Does Express now have a 404 handler built into it?

When following the video and just before building my single quote route with the 404 handler - I tested a request for a single route with an non-existent quote and I received a 404 status and message in basic HTML:

<!DOCTYPE html>
<html lang="en">

<head>
    <meta charset="utf-8">
    <title>Error</title>
</head>

<body>
    <pre>Cannot GET /54231</pre>
</body>

</html>

I've noticed this in Express before when building a project- it seems that there is a native 404 handler built into Express now that may have been part of a recent update since this video was made. Could this be the case or am I missing something?

1 Answer

Yes, Express does have a default fallback error handler which executes after all declared middleware if needed. However, note that the default error handler responds with an HTML representation of the error when the course's API is designed to serve JSON. The browser is quite happy trying to render either, but for an application expecting JSON it would break the app if not caught so that some sort of JSON could be sent to the client instead.
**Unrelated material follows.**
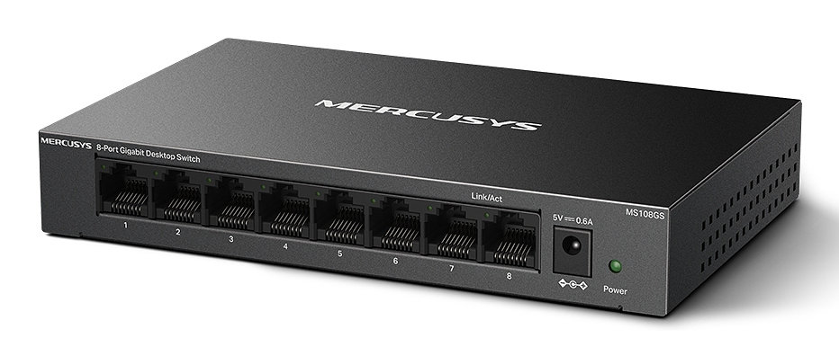 Mercusys MS108GS. Tipo de interruptor: No administrado. Puertos tipo b?sico de conmutaci?n RJ-45 Ethernet: Gigabit Ethernet (10/100/1000), Cantidad de puertos b?sicos de conmutaci?n RJ-45 Ethernet: 8. Bidireccional completo (Full duplex). Tabla de direcciones MAC: 8000 entradas, Capacidad de conmutaci?n: 16 Gbit/s. Est?ndares de red: IEEE 802.3, IEEE 802.3ab, IEEE 802.3i, IEEE 802.3p, IEEE 802.3u, IEEE 802.3x. Voltaje de entrada DC: 5 V. Conector el?ctrico: Toma de entrada de CC. Montaje de pared

I haven't yet concluded the course so perhaps Ms. Porth explains this later, but if one simply wants all errors to be delivered in the same JSON format one could always declare a single basic error-handler middleware (a four-argument callback sent to app.use()) at the end of the middleware function stack, declare all HTTP request callbacks with three arguments ((req, res, next)) and pass errors within prior requests to next().

Edit: Yup, she covers this in the next course.